At 2 h after treatment, LPS had no significant effect on modularity (p = 0.3074; Fig. 6A), intramodular correlations (p = 0.3056; Fig. 6B), or inter-modular correlations (p = 0.056; Fig. 6C). Schematic representations of module connectivity (Fig. 6D,E), show that at 2 h (DIV25), microtissues have established separation between intra-modular and inter-modular connections in both LPS (p < 0.0001) and PBS (p < 0.0001) samples. At 1–3 days, modularity of LPS remained the same while PBS showed an upward trend (p = 0.0505; Fig. 6F). PBS intra-modular correlations showed a significant increase over LPS samples (p = 0.0070; Fig. 6G), while inter-modular correlations were static (p = 0.2690; Fig. 6H), suggesting that PBS controls continued to strengthen community structure while LPS samples did not. Schematics of connectivity data (Supplemental Fig. 7) show slightly increased intra-modular connections in PBS (intra, p = 0.0622; inter, p = 0.8413; Fig. 6I), while LPS-treated networks remained the same (p = 0.5200; p = 0.8524; Figure J). At 5–9 days, the overall FC increase in LPS samples was associated with a significant reduction in modularity compared to PBS controls (p < 0.0001; Fig. 6K). While we found a significant increase in LPS intra-modular correlation (p = 0.0133; Fig. 6L), there was a disproportionate increase in LPS inter-modular correlation (p < 0.0001; Fig. 6L,M), effectively reducing network segregation. Schematics of connectivity data (Supplemental Fig. 7) show PBS controls maintained well-defined modules at 5–9 days (Fig. 6N), while LPS treated samples reduced the strength and separation of modules (Fig. 6O). The resulting effect of LPS treatment was the disruption of community structure in microcircuits beginning at 1–3 days, and more robustly at 5–9 days after treatment.

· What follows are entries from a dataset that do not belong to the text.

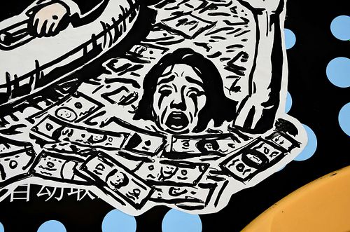This phenomenon is known as the Cantillon Effect. The artwork is a stark depiction of its consequences: a system that systematically benefits the well-connected at the expense of everyone else.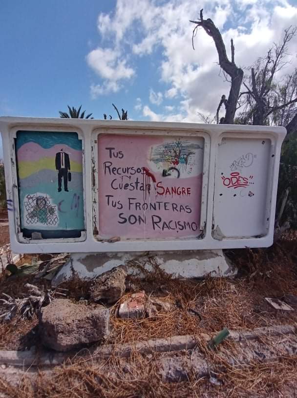 “Canarias ha quedado convertida en una colonia de explotación turística, donde una minoría, utilizando a su antojo todos los recursos que ofrece el Archipiélago, maximiza sus beneficios sin tener en cuenta ningún tipo de sostenibilidad. Solo tenemos que visitar alguno de los abundantes epicentros del desenfreno inmobiliario turístico para verificar las huellas que deja la destrucción: la transformación (destrucción) de una identidad paisajística y telúrica; el desplazamiento de la población local; y la sumisión absoluta de las expectativas laborales del común a ese modelo de explotación colonial. El espacio turistificado supone —dentro de este modelo de colonia de explotación— una auténtica regresión a la peor de las dependencias, puesto que destruye la posibilidad de replantear el espacio colonizado y la reutilización de los posibles recursos generados. Solo tenemos que verificar el aspecto fantasmagórico —postapocalíptico— de la ciudad turística en medio de la pandemia. El capital fijo, en la colonia turística, no deja de ser yeso y cartón piedra, todo amenaza inestable, como un decorado ruinoso y sombrío. Todo se muestra consumido y agotado. Un territorio improductivo sembrado de estructuras inútiles. Las imágenes de esos centros turísticos sin visitantes, con instalaciones y negocios cerrados, son el mejor testimonio de lo que decimos”.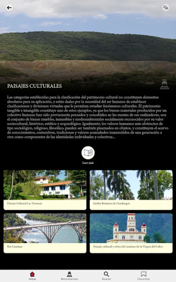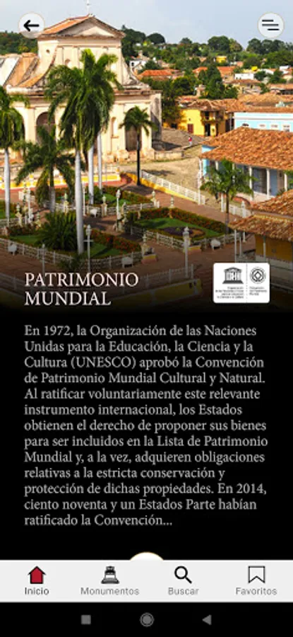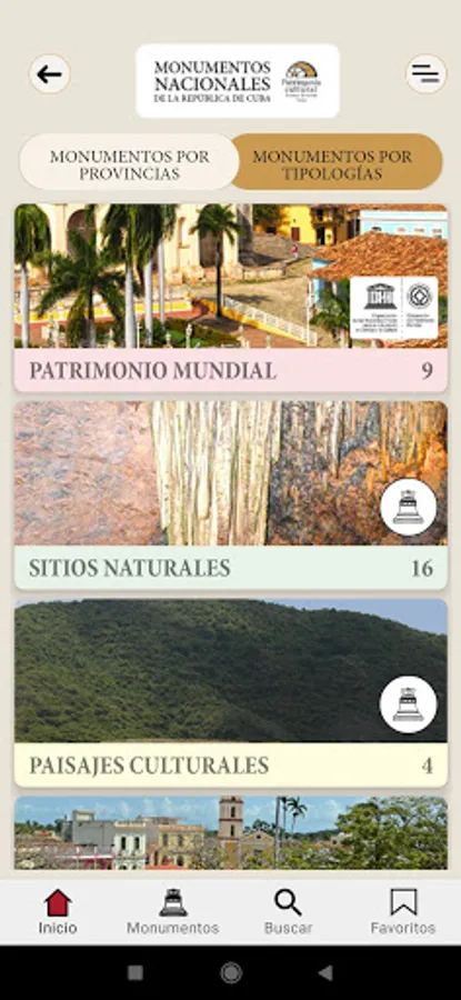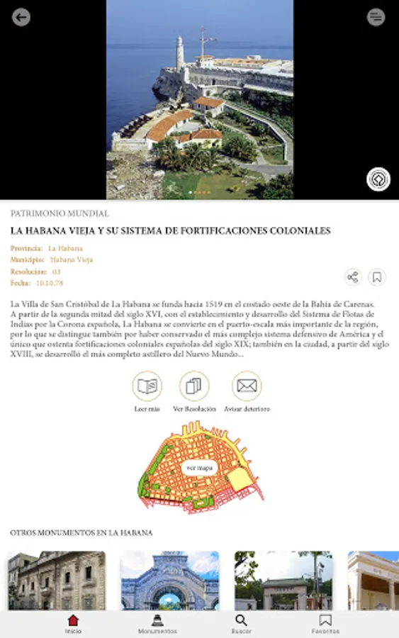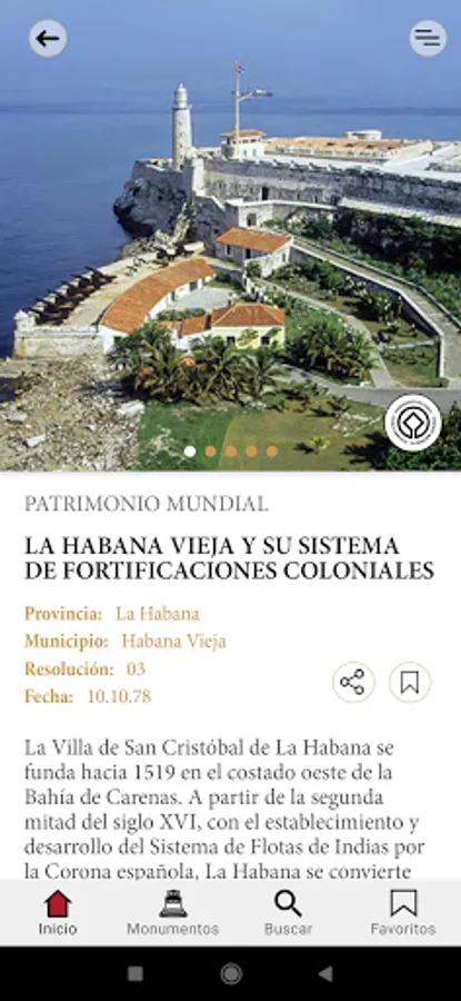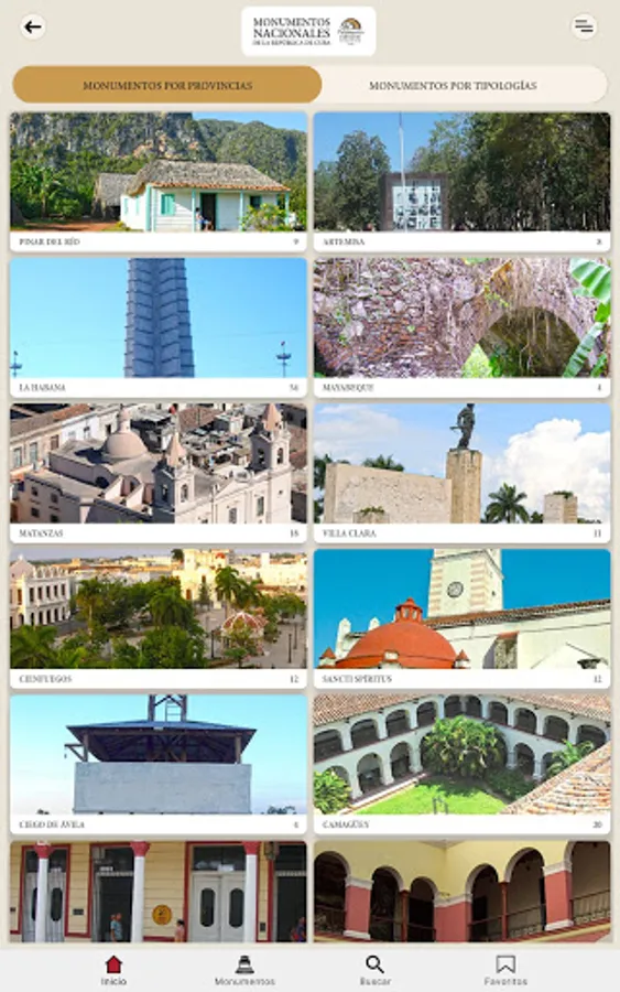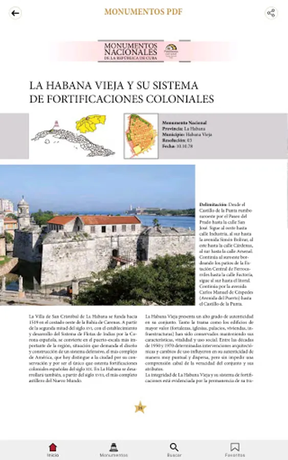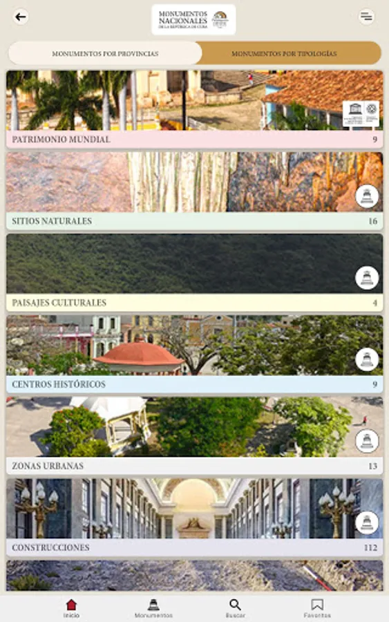 In a simple way, you can navigate through the National Monuments of Cuba, both territorially ordered, and by their typology. Cuban sites included on the World Heritage List are also grouped together for easy viewing; Through images an attempt is made to express the exceptional universal value of these heritage jewels.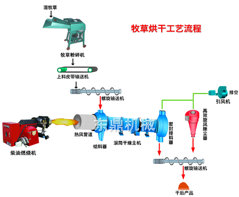 牧草烘干機生產線適用于大型牧草生產企業在牧草集中收獲季節對鮮牧草進行快速連續化烘干作業。隨著畜牧生產和加工業的發展,對牧草的社會需求數量和品質要求也不斷提高,促使牧草烘干機得到迅速發展。長期以來,我國的牧草產品加工一直采用傳統的自然 曬干的方法, 這種方法往往受到天氣條件的制約, 浪費嚴重, 加工時間長等諸多不足。東鼎機械開發的牧草烘干機生產線采用高溫快速烘干技術,使牧草在烘干機中迅速完成傳熱傳質的干燥過程,較好地保持了鮮牧草的營養成分,干燥后牧草氣味芳香,色澤深綠,適宜儲藏和運輸。 該牧草烘干機可以采用燃煤(重油、燃氣),通過高溫爐產生強大的干熱風,使物料在烘干筒中與熱風直接接觸,呈螺旋狀按曲線前進來達到烘干的目的,系統采用溫控調速系統,原料鍘切到成品入庫一條龍生產。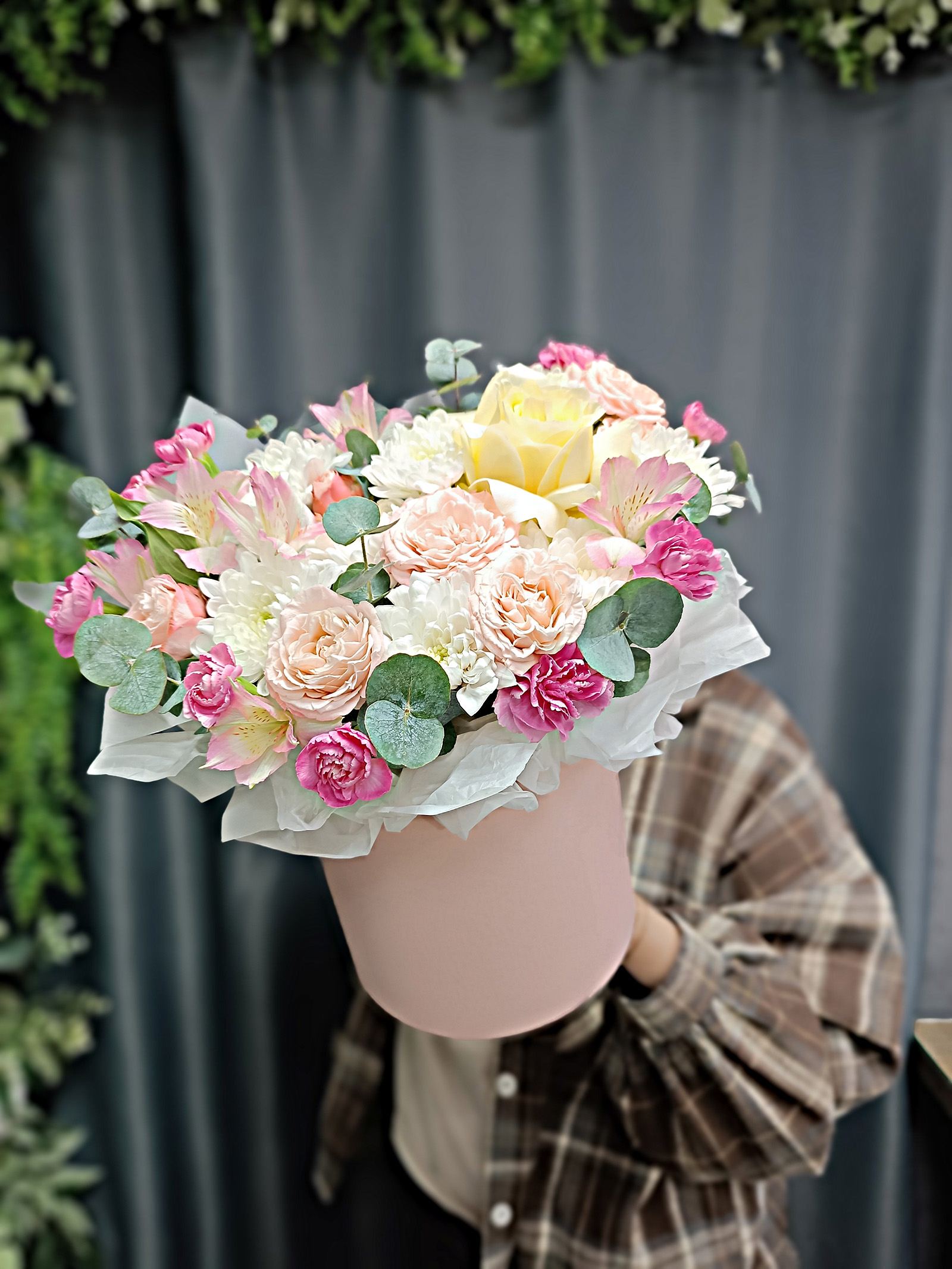 Каждый букет уникален, поэтому его оттенки и декор могут незначительно отличаться от фото. Наш флорист с радостью поможет подобрать идеальный состав и уточнит наличие цветов для вашего заказа.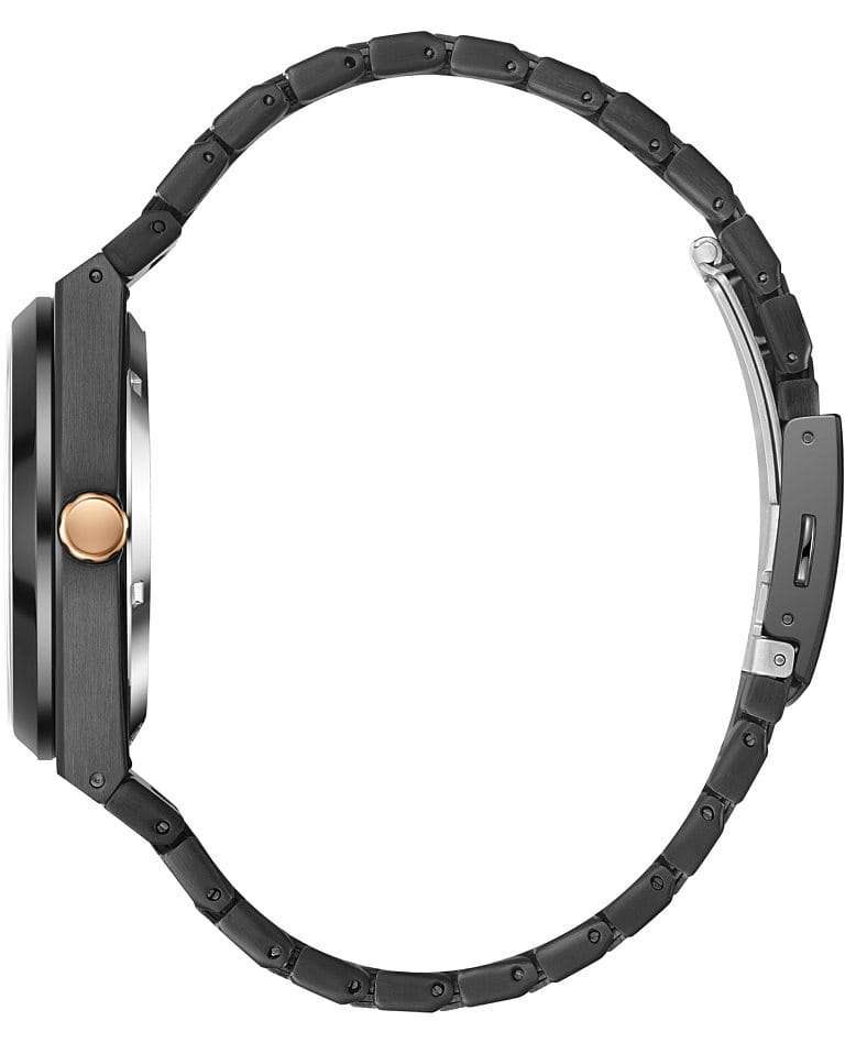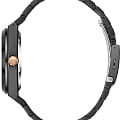 Модель оснащена механизмом, обеспечивающим точное измерение времени. Металлический браслет черного цвета PVD-покрытиемPVDУльтратонкое покрытие наносится в технике вакуумного напыления, сочетает в себе нитрид титана особой прочности со слоем золота или оксида хрома. Несёт в себе декоративную или защитную функцию. дополнен раскладной застёжкой с кнопкойРаскладная застёжкаТакой тип застёжки используется только на браслетах из металла. Она никогда не раскрывается полностью, происходит разделение на 2 и более частей. Раскладывающая застёжка снизит вероятность потери часов к минимуму., которая обеспечивает комфортное ношение и надёжную фиксацию.

LPS disrupts community structure at 5–9 days after exposure. At 2 h after treatment, there was no significant difference (p = 0.3074) between PBS and LPS in modularity (A), including no difference in the intra-modular (p = 0.3056, B) or inter-modular (p = 0.056, C) correlation coefficients. Schematic representations of connectivity data display the stronger intra-modular connections in blue (module 1) and yellow (module 2) than inter-modular connection (green) for both PBS treated (p < 0.0001, D) and LPS treated (p < 0.0001, E) samples at 2 h, a. At 1–3 days after treatment, there was no significant difference (p = 0.0505) between PBS and LPS samples in modularity (F), however, there was a significant increase (p = 0.0070) in intra-modular correlation of PBS (G). Inter-modular correlations remained the same at this time point (p = 0.2690, H). Schematics representing of connectivity data shows PBS treated samples (I) with slightly increased in intra-modular connections (p = 0.0622) and unchanged inter-modular connections (p = 0.8413), while LPS treated samples (J) show no changes from 2 h (intra, p = 0.5200; inter, p = 0.8524). At 5–9 days the modularity of LPS samples were significantly lower than PBS samples (p < 0.0001, K). There was a significant increase in LPS intra-modular correlations (p = 0.0133, L) and a super significant increase in inter-modular correlations (p < 0.0001, M). Schematic representations of modular connectivity data show PBS treated samples (N) were unchanged from 1–3 days (p = 0.6338), and significantly high intra modular correlations compared to 2 h (p = 0.0082), while LPS treated samples (O) show a large increase in connectivity, which increases inter-modular connections (p < 0.0001) and intra-modular connections (p < 0.0001). Significance was determined with unpaired, two tailed t-tests with p < 0.05 (*p < .05, **p < 0.01, ***p < 0.001, ****p < 0.0001).